First published at UiB.no on October 27, 2023

Figure 1: N-terminal acetylation by NatC shields proteins from degradation. (Left) The NatC complex acetylates proteins harboring a hydrophobic residue in the second position (MΦ). Following Nt-acetylation, Ac-UBE2M and Ac-UBE2F promote cullin neddylation (N8), resulting in ubiquitylation (Ub) and proteasomal degradation of targeted cullin substrates, Ac-ARFRP1 is targeted to the Golgi where it plays a role in the secretory pathway, while the hypothetical proteins Ac-X and Ac-Y are thought to affect the secretory pathway and mitochondria, respectively. (Right) Loss of NatC exposes unacetylated MΦ-starting N-termini which serves as N-degrons that can be recognized by a set of N-recognins leading to proteasomal and, in some cases, lysosomal degradation. Non-Nt-acetylated NatC substrates are primarily targeted by the ubiquitin ligases UBR4-KCMF1 and to some extent UBR1 and UBR2. Targeted degradation of non-Nt-acetylated NatC substrates leads to decreased cullin neddylation, increased mitochondrial elongation and fragmentation, and is thought to affect intracellular trafficking. (Figure from Varland, Sylvia et al, 2023, Nature Communications). Photo: Varland, m.fl.

Researchers from the University of Bergen (UiB) have uncovered that proteins use a common chemical label as a shield to protect them from degradation, which in turn affects motility and aging.

Proteins are key to all processes in our cells and understanding their functions and regulation is of major importance.
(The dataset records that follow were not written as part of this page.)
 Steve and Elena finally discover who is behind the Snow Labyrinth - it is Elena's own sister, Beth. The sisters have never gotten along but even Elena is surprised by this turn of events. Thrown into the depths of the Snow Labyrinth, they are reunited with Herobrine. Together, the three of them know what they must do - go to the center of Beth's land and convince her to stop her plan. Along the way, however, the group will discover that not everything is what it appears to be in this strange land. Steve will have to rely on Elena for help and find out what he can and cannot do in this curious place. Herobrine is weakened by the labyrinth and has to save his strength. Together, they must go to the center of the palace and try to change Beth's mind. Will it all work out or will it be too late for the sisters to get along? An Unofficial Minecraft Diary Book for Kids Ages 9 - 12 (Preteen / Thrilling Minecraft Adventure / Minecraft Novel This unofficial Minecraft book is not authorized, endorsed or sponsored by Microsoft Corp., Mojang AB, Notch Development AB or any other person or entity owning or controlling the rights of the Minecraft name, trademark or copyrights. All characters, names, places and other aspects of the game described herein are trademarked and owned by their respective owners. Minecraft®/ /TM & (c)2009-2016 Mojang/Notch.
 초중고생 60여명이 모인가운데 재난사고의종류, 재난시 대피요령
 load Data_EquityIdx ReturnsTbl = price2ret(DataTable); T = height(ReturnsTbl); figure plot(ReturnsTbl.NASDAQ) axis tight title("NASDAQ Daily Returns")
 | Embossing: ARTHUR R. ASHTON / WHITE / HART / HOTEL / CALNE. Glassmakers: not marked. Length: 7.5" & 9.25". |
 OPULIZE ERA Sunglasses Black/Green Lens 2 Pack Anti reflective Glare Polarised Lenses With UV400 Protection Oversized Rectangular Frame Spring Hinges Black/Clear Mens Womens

“For many years, we have known that nearly all human proteins are modified by a specific chemical group, but its functional impact has remained undefined”, says professor Thomas Arnesen at the Department of Biomedicine, University of Bergen.

He explains:

“One of the most common protein modifications in human cells is N-terminal acetylation, which is an addition of a small chemical group (acetyl) at the starting tip (N-terminus) of a protein. The modification is launched by a group of enzymes called N-terminal acetyltransferases (NATs)”. Despite being “everywhere” in human cells, the functional role of this modification remains mysterious, Arnesen explains.
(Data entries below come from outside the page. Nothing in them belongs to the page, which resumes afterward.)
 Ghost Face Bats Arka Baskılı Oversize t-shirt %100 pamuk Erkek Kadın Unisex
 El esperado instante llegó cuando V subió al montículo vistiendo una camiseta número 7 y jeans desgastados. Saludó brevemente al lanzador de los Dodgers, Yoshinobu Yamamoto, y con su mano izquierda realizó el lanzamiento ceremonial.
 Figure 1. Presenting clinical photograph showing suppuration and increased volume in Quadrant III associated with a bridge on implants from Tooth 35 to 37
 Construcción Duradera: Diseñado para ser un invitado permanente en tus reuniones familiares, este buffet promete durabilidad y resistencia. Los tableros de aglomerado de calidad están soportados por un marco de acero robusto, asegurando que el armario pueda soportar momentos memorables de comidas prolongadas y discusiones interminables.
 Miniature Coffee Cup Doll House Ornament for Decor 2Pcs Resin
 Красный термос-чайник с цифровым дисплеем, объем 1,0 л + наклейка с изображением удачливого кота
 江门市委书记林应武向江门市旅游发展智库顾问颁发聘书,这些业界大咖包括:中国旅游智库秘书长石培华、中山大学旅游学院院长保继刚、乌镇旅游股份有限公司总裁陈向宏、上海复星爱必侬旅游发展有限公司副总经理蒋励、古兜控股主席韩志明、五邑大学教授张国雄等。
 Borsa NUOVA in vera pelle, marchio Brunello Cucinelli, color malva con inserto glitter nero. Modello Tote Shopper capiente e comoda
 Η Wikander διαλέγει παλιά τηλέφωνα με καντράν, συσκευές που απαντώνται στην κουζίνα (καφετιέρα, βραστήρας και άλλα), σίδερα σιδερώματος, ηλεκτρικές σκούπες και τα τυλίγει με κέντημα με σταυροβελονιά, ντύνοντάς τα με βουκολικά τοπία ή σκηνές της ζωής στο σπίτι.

He is an investigator of a new study that reveals that a core function of this protein modification is to protect proteins from degradation, and this is essential for normal longevity and motility.

CRISPR-Cas9 technology sheds new light on N-terminal acetylation

To address this question, molecular biologist and researcher Sylvia Varland spent two years at the Donnelly Centre for Cellular & Biomolecular Research, University of Toronto, Canada, supported by a FRIPRO mobility grant from the Research Council of Norway.

Here, she used the established CRISPR-Cas9 technology and powerful screening platforms available in one of the best scientific environments to define the functional roles of the human NAT enzymes. Sylvia focused on one of the major human NAT enzymes, NatC, and the genome-wide screening of human NatC KO cells revealed many human genes likely to be involved in the function of N-terminal acetylation.

“Without the inspiring scientific environment at the Donnelly Center combined with financial support from Marie Skłodowska-Curie Actions this study would not have seen the light of day”, says Varland.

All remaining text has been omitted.